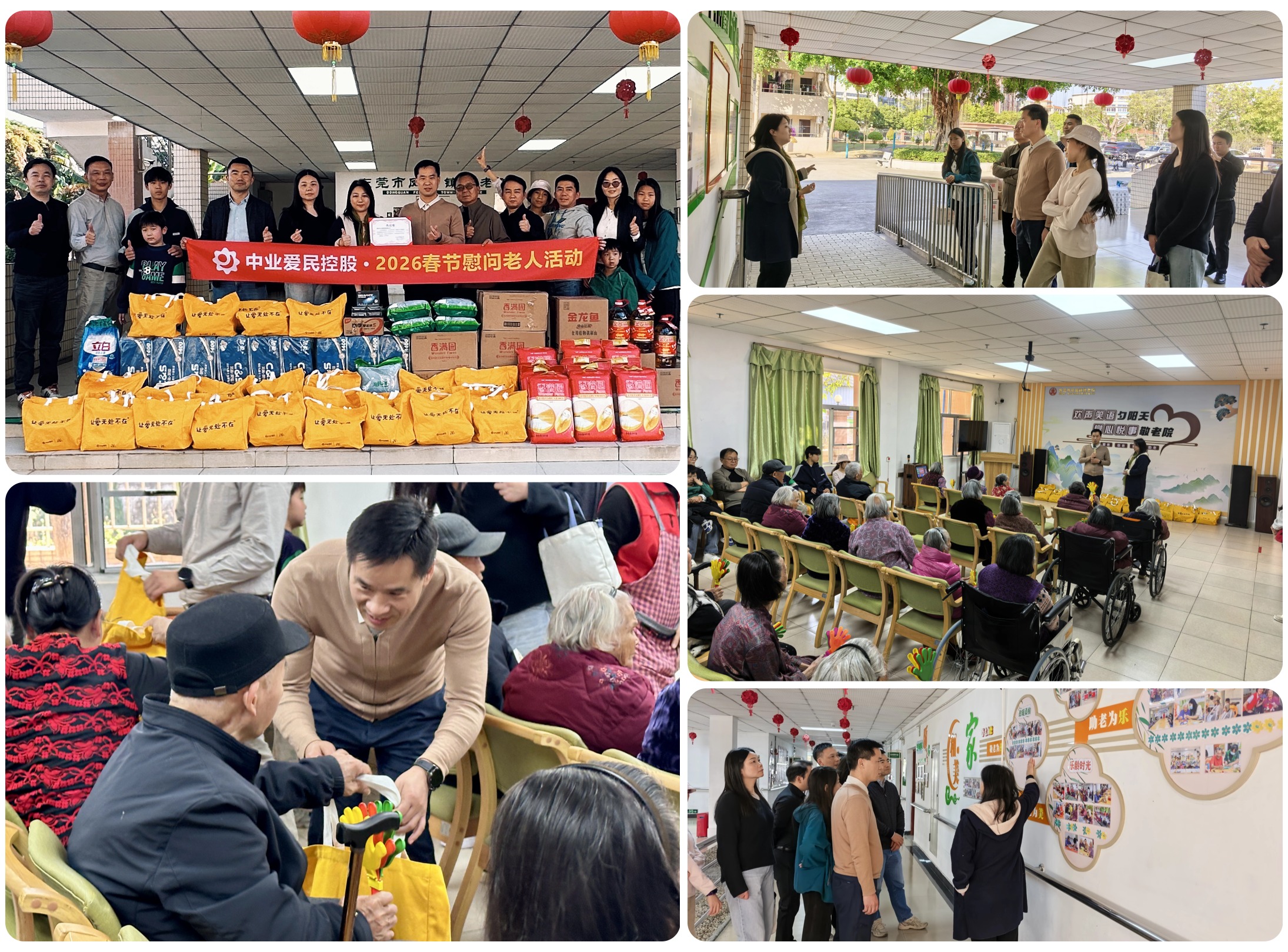 为弘扬中华民族尊老、爱老、敬老、助老的传统美德,积极履行企业社会责任,传递社会正能量,中业爱民控股于2026年1月25日下午,组织开展了“爱心之旅——走进东莞市凤岗镇敬老院”主题公益活动。此次活动以“中业爱民控股·2026春节慰问老人活动”为主题,旨在为老人们送去春节前的温暖与关怀,践行企业“无处不在”的使命。
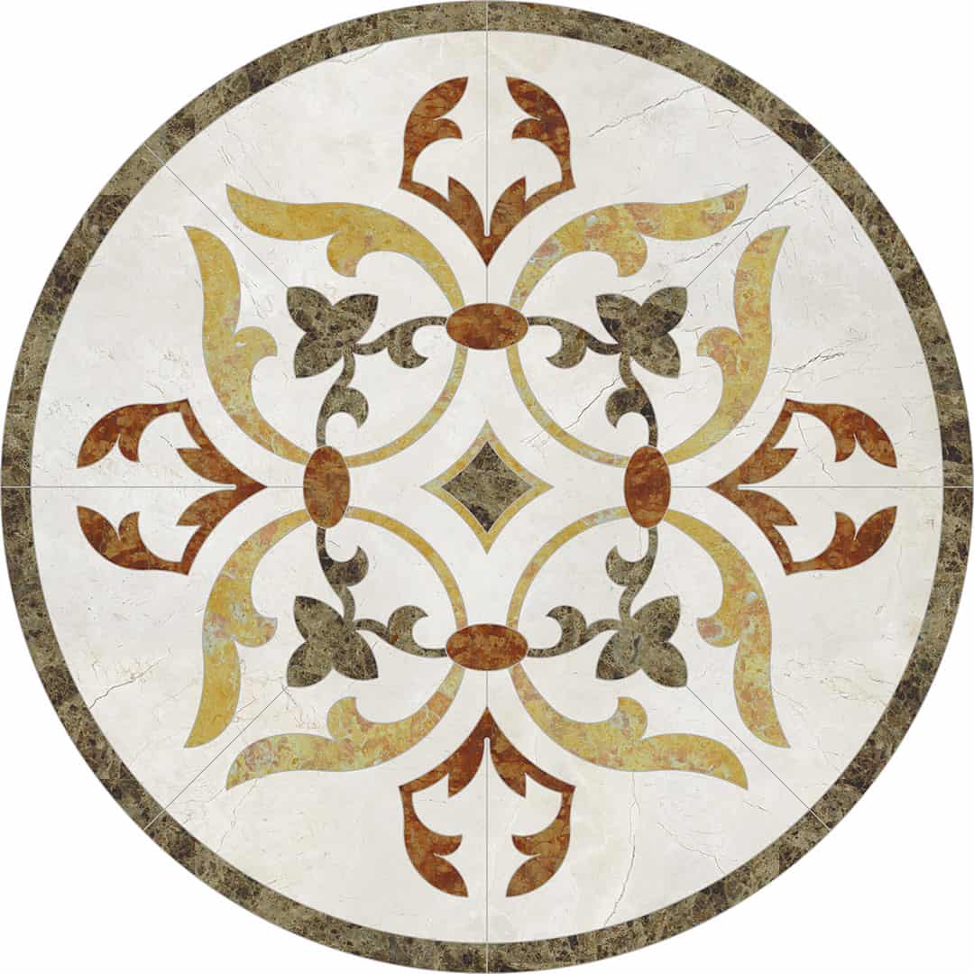Waterjet cut natural stone medallion, made to order. Cut from 12-inch x 12-inch x 3/8-inch tile (or 1/2-tile or 3/4-inch slab for an additional charge). Production time is 4 – 6 weeks for standard sizes and readily available materials. Cut/grout lines will vary depending on size of design. Above diagram may not reflect actual cut lines of your medallion. Natural stone will vary in color and veining. Color and veining differences are not considered defects. Any samples, pictures, or printouts are only examples of what the medallion may look like.
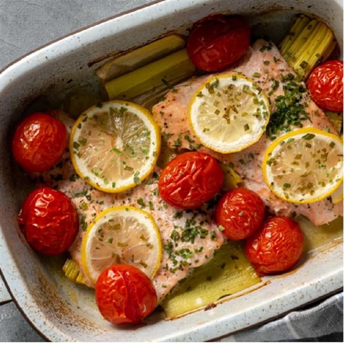 Για απόλυτα ισορροπημένο γεύμα, σερβίρετε το σολομό με καστανό ρύζι ατμού ή ρίξτε μερικές πατατούλες με τη φλούδα στο ταψί.
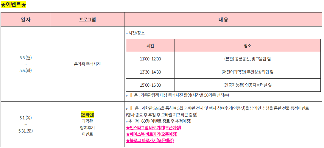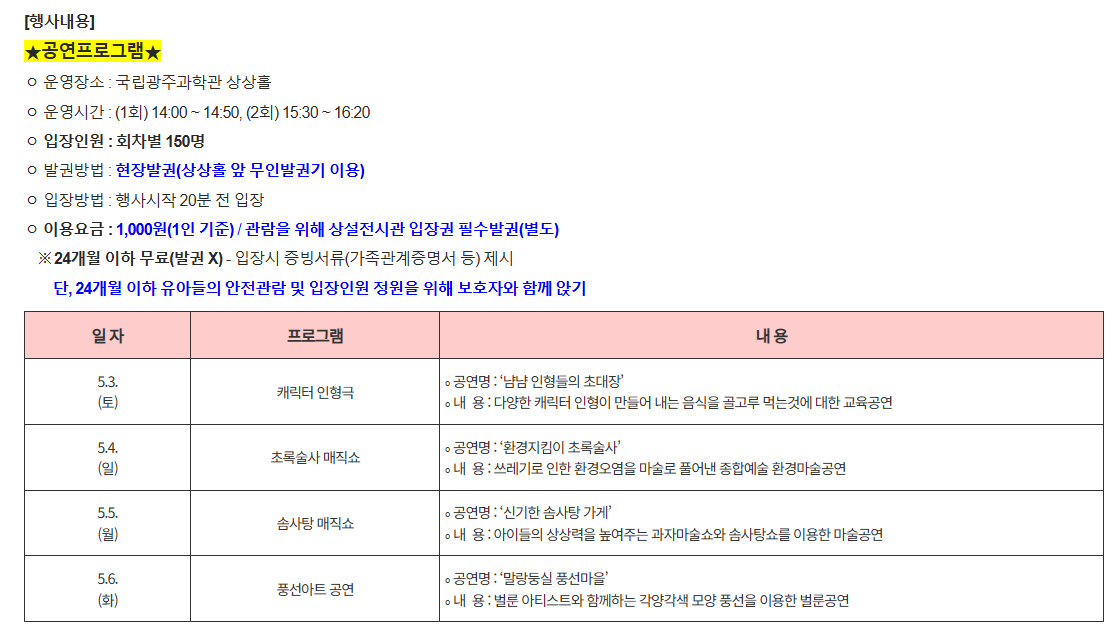 [국립광주과학관] 🎁어린이날 특별 행사 함께해요 !
··········
■ ACTIVITY:
Produce an exact copy of every line above, with the images left out.

■ TASK OUTPUT:
 为弘扬中华民族尊老、爱老、敬老、助老的传统美德,积极履行企业社会责任,传递社会正能量,中业爱民控股于2026年1月25日下午,组织开展了“爱心之旅——走进东莞市凤岗镇敬老院”主题公益活动。此次活动以“中业爱民控股·2026春节慰问老人活动”为主题,旨在为老人们送去春节前的温暖与关怀,践行企业“无处不在”的使命。
Waterjet cut natural stone medallion, made to order. Cut from 12-inch x 12-inch x 3/8-inch tile (or 1/2-tile or 3/4-inch slab for an additional charge). Production time is 4 – 6 weeks for standard sizes and readily available materials. Cut/grout lines will vary depending on size of design. Above diagram may not reflect actual cut lines of your medallion. Natural stone will vary in color and veining. Color and veining differences are not considered defects. Any samples, pictures, or printouts are only examples of what the medallion may look like.
 Για απόλυτα ισορροπημένο γεύμα, σερβίρετε το σολομό με καστανό ρύζι ατμού ή ρίξτε μερικές πατατούλες με τη φλούδα στο ταψί.
 [국립광주과학관] 🎁어린이날 특별 행사 함께해요 !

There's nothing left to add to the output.